School of Mechanical Engineering and Automation, Beihang University, Beijing, 100191, China.
Shen Yuan Honors College, Beihang University, Beijing, 100191, China.
Sci Rep. 2021 Nov 5;11(1):21728. doi: 10.1038/s41598-021-00902-6.
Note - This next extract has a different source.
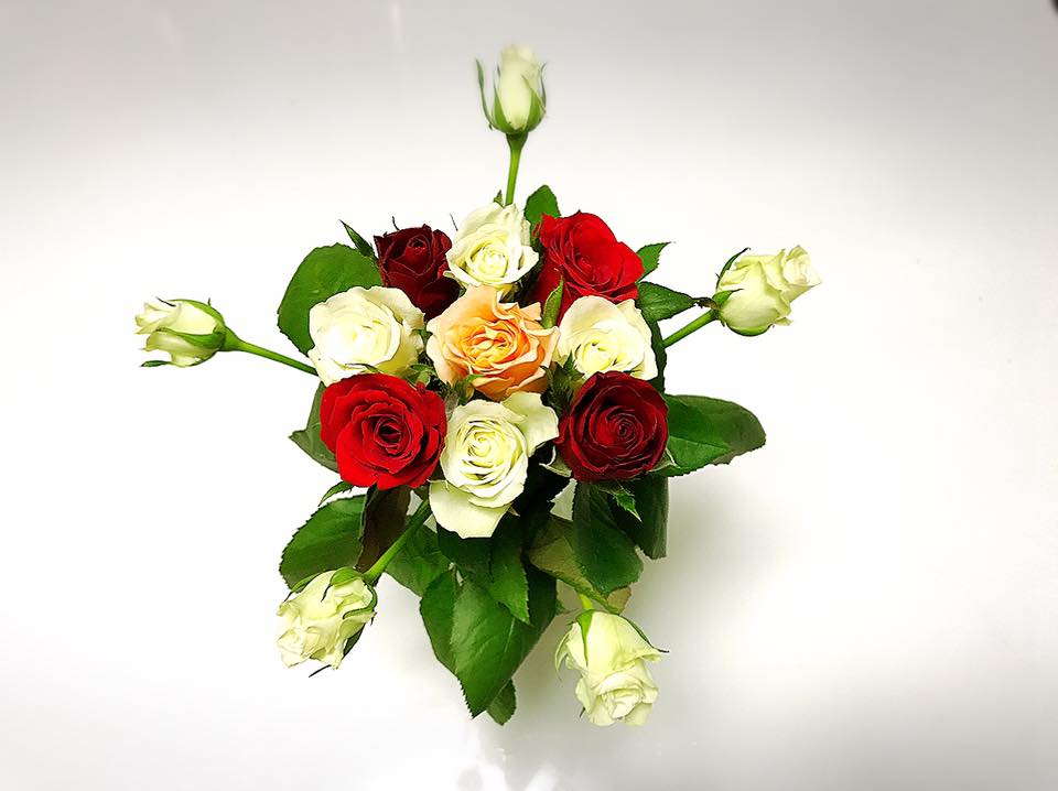 オレンジをセンターに置き紅白で囲み、白薔薇を散りばめる
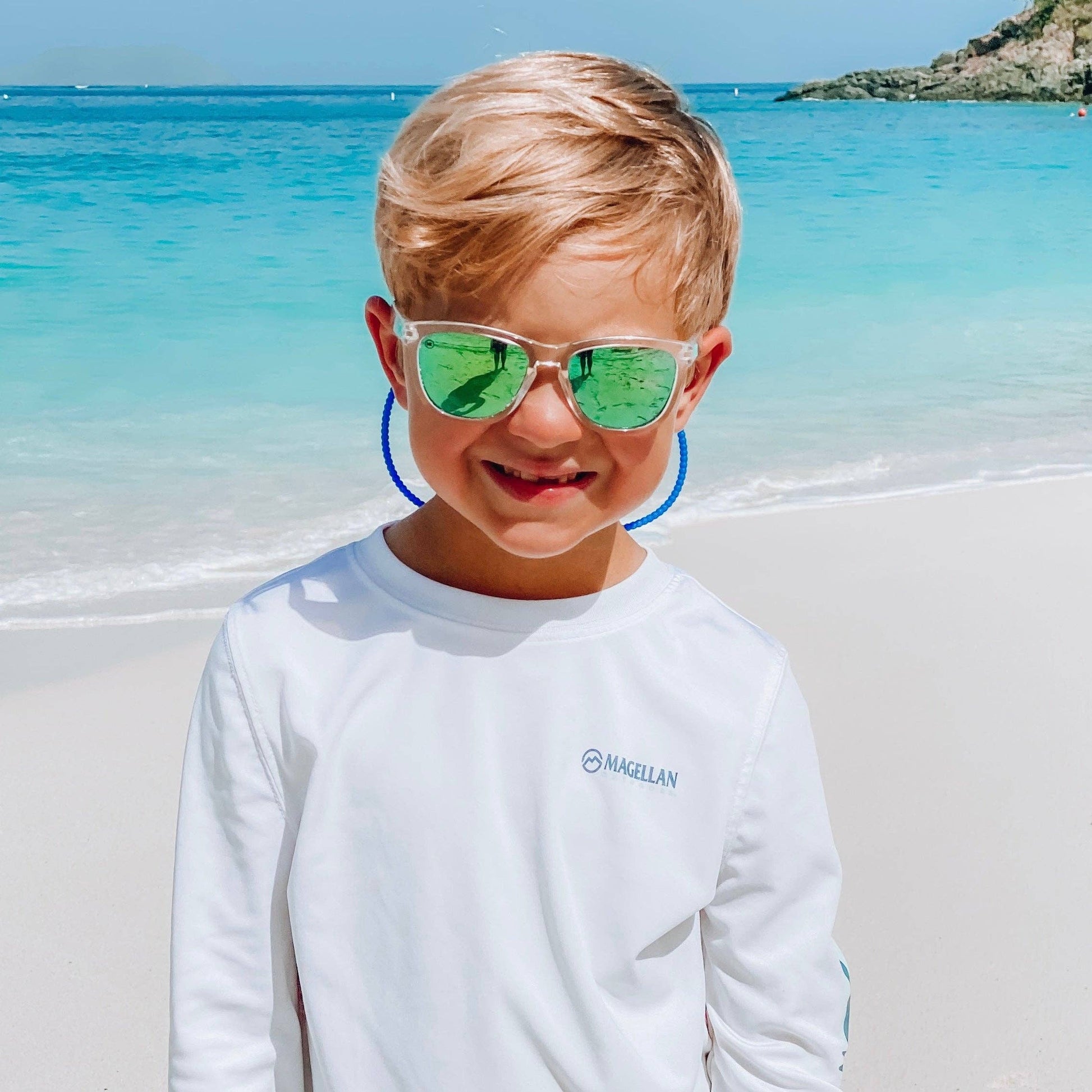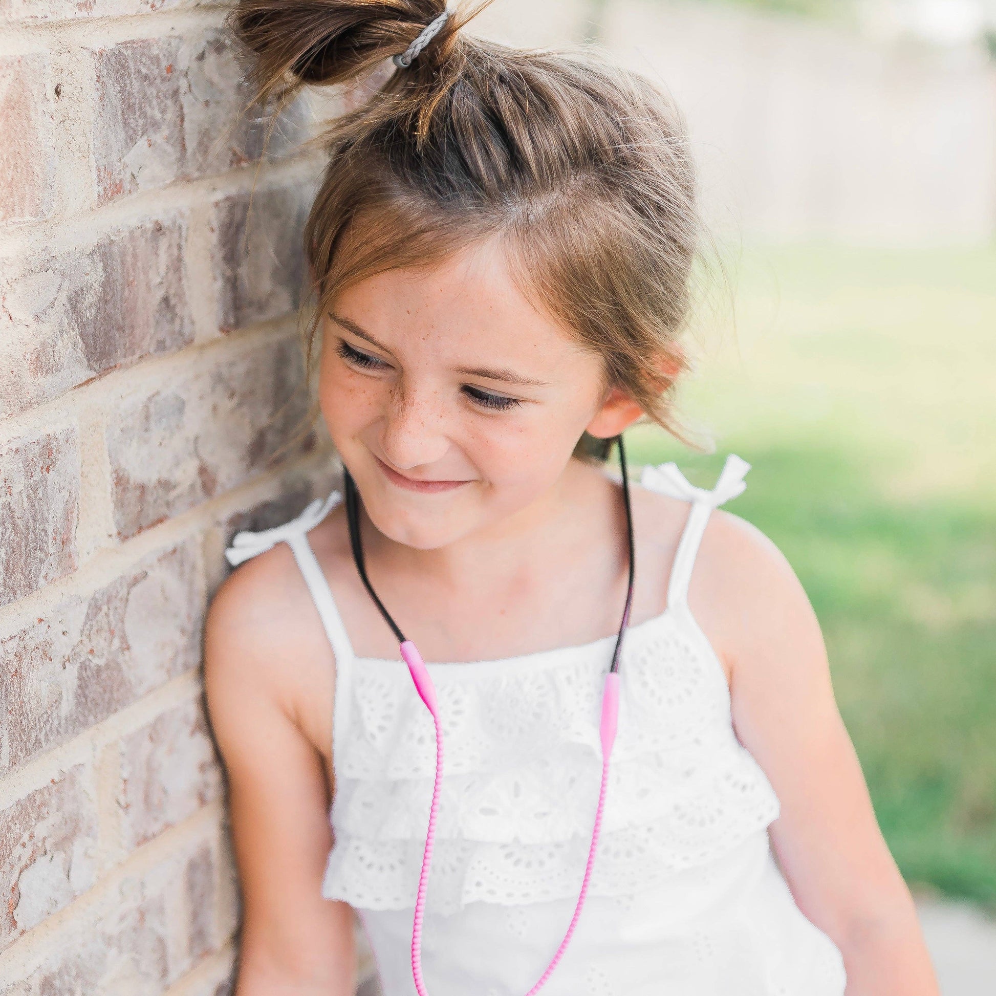 Directions: slide the arms of your eyewear into the silicone ends of the Cutie Strap.

Sperm cells can move at a high speed in biofluids based on the flexible flagella, which inspire novel flagellar micro-/nanorobots to be designed. Despite progress in fabricating sperm-type robots at micro scale, mass fabrication of vivid sperm-like nanorobots with flagellar flexibility is still challenging. In this work, a facile and efficient strategy is proposed to produce flexible sperm-like nanorobots with self-assembled head-to-tail structure, and its bidirectional propulsion property was studied in detail. The nanorobots were composed of a superparamagnetic head and a flexible Au/PPy flagellum, which were covalently linked via biotin-streptavidin bonding with a high yield. Under precessing magnetic fields, the head drove the flexible tail to rotate and generated undulatory bending waves propagating along the body. Bidirectional locomotion was investigated, and moving velocity as well as direction varied with the actuating conditions (field strength, frequency, direction) and the nanorobot's structure (tail length). Effective flagellar propulsion was observed near the substrate and high velocities were attained to move back and forth without U-turn. Typical modelling based on elastohydrodynamics and undulatory wave propagation were utilized for propulsion analysis. This research presents novel artificial flexible sperm-like nanorobots with delicate self-assembled head-to-tail structures and remarkable bidirectional locomotion performances, indicating significant potentials for nanorobotic design and future biomedical application.
精子细胞可以在基于柔性鞭毛的生物流体中高速移动,这启发了新型鞭毛微/纳米机器人的设计。尽管在微尺度上制造精子型机器人已经取得了进展,但大规模制造具有鞭毛柔韧性的逼真精子样纳米机器人仍然具有挑战性。在这项工作中,提出了一种简单高效的策略来制备具有自组装头对头结构的柔性精子样纳米机器人,并详细研究了其双向推进特性。纳米机器人由超顺磁头和柔性 Au/PPy 鞭毛组成,通过生物素-链霉亲和素键合以高产率共价连接。在进动磁场下,头部驱动柔性尾部旋转,并产生沿体传播的波状弯曲波。研究了双向运动,运动速度和方向随激励条件(场强、频率、方向)和纳米机器人的结构(尾部长度)而变化。在靠近基底的地方观察到有效的鞭毛推进,并且在无需掉头的情况下可以达到高速度来回移动。基于粘弹流动力学和波状传播的典型建模用于推进分析。这项研究提出了具有精细自组装头对头结构和显著双向运动性能的新型人工柔性精子样纳米机器人,为纳米机器人设计和未来的生物医学应用提供了重要的潜力。